- Born: Yoshiko Tokkudaiji 1918
- Died: 2000 (aged 81–82)
- Other names: Yoshiko Otani
- Occupation: Religious organization leader
- Father: Saneatsu Tokudaiji

= Yoshiko Ohtani =

Japanese religious leader

Yoshiko Ohtani (1918 – 2000), born Yoshiko Tokudaiji, often referred to as Lady Ohtani, was a Japanese religious organization leader. She was world federation president of the Buddhist Women's Association from 1959 to 1982.

== Early life and education ==
Tokudaiji was the daughter of a nobleman, Saneatsu Tokudaiji, and his wife, Yoneko Matsudaira. She attended Gakushuin Women's College.

==Career==
As the wife of Kosho Ohtani, a Shin Buddhist leader known as the 23rd Monshu, she was considered urakata, a spiritual leader for Japanese Buddhist women. She traveled with her husband to visit Japanese communities, schools, and hospitals in the United States and Canada in the 1950s, 1960s, and 1970s. She started all-Japan and world conferences for chapters of the Buddhist Wonen's Association (BWA) or Fujinkai. In 1974, she and her husband attended the 75th anniversary festivities of the Buddhist Churches in America denomination, held in San Francisco. She was succeeded as urakata and as the BWA's honorary president by her daughter-in-law, Noriko Ohtani, after the BWA's 7th world conference in 1982.

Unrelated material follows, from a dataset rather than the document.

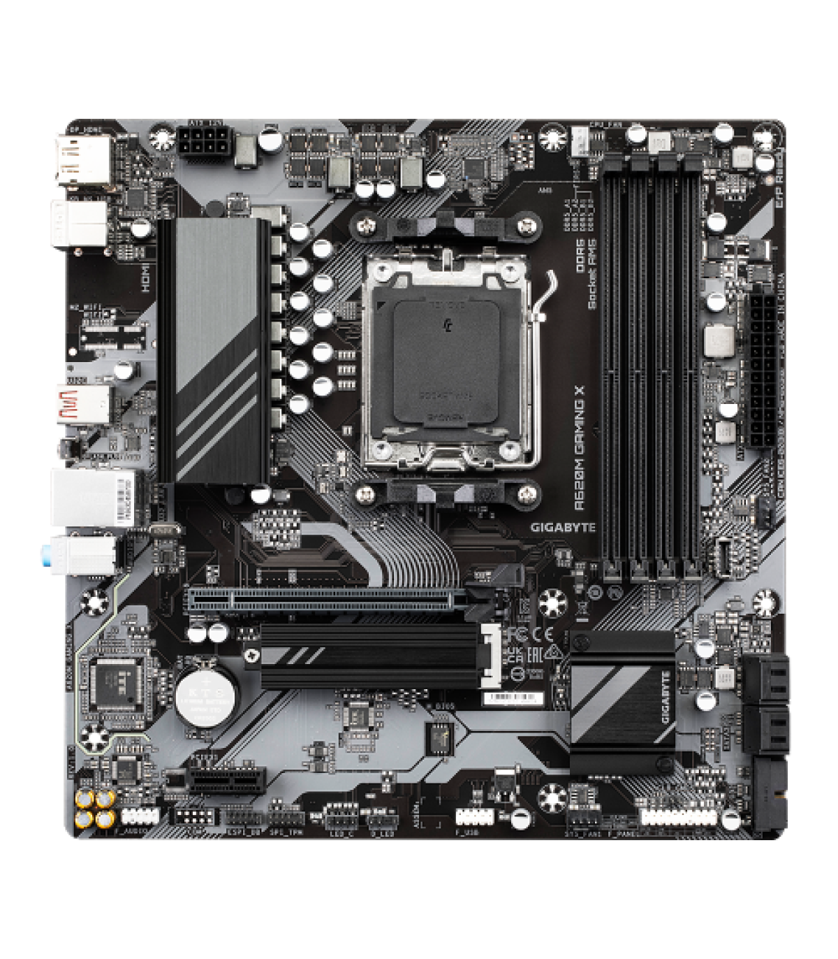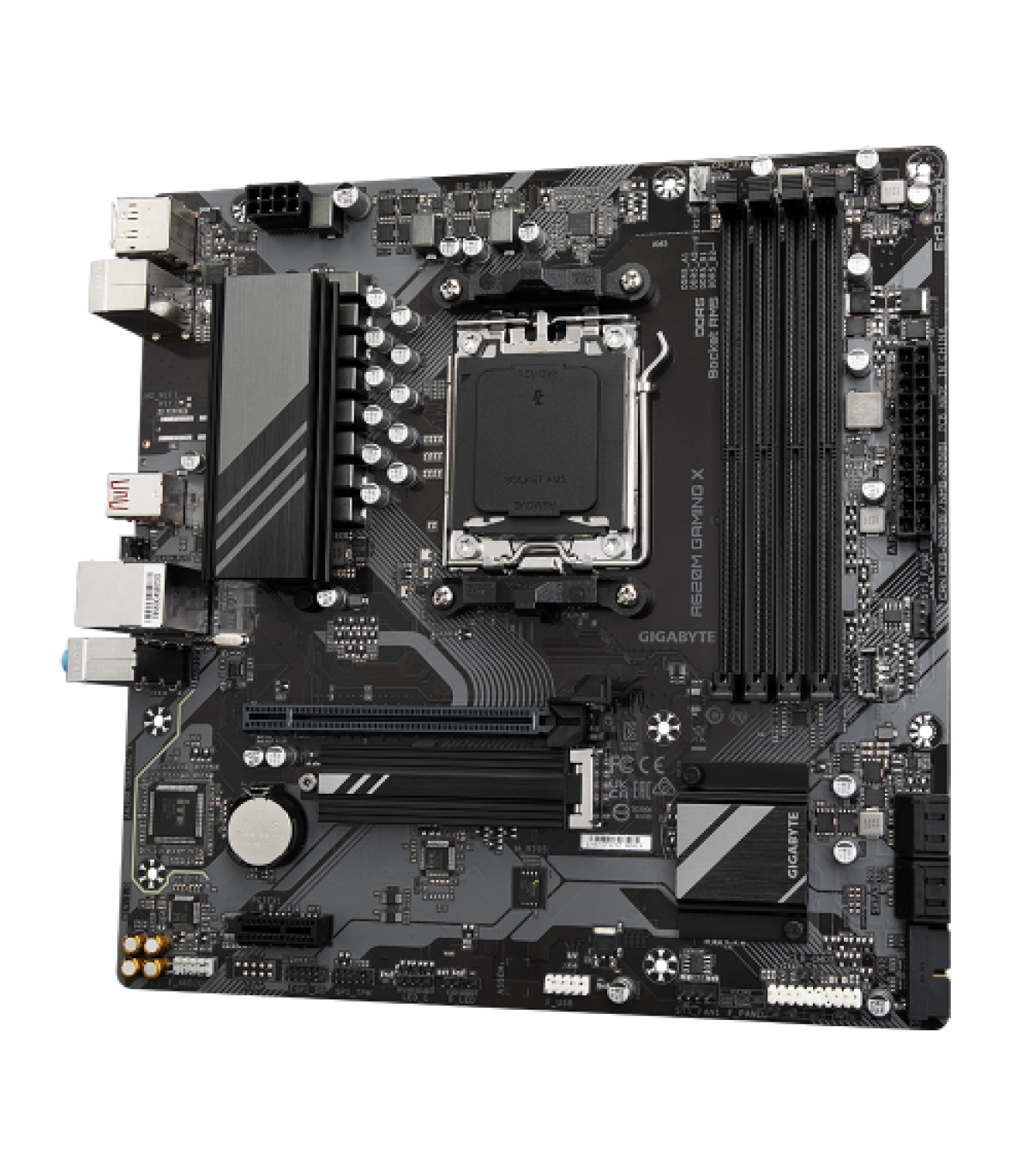 Gigabyte A620M GAMING X. Fabricante de procesador: AMD, Socket de procesador: Zócalo AM5, Procesador compatible: AMD Ryzen™ 5, AMD Ryzen 7 7th Gen, AMD Ryzen 9 7th Gen. tipos de memoria compatibles: DDR5-SDRAM, Memoria interna máxima: 192 GB, Tipo de ranuras de memoria: DIMM. Interfaces de disco de almacenamiento soportados: M.2, SATA III, Tipos de unidades de almacenamiento admitidas: HDD & SSD, Niveles RAID: 0, 1, 10. Máxima resolución: 4096 x 2160 Pixeles. Conector USB: USB tipo A, USB Tipo C

She was also president of the Jodo Shinshu Nursery School Federation, and honorary president of several women's colleges and schools. She wrote poetry, and a biography of Eshinni, wife of the founder of Shin Buddhism.

==Publications==
- Eshin Ni; the Wife of Shinran Shonin (1970)

==Personal life==
Tokudaiji was married to Kosho Ohtani in 1937. He was the first cousin of Emperor Hirohito. Their wedding was reported in Western press including Time magazine and The New York Times. They lived on the grounds of Nishi Hongan-ji in Kyoto and had four children. Their son Koshin Ohtani succeeded his father as the sect's leader, or Gomonshu. She died in 2000, at the age of 82.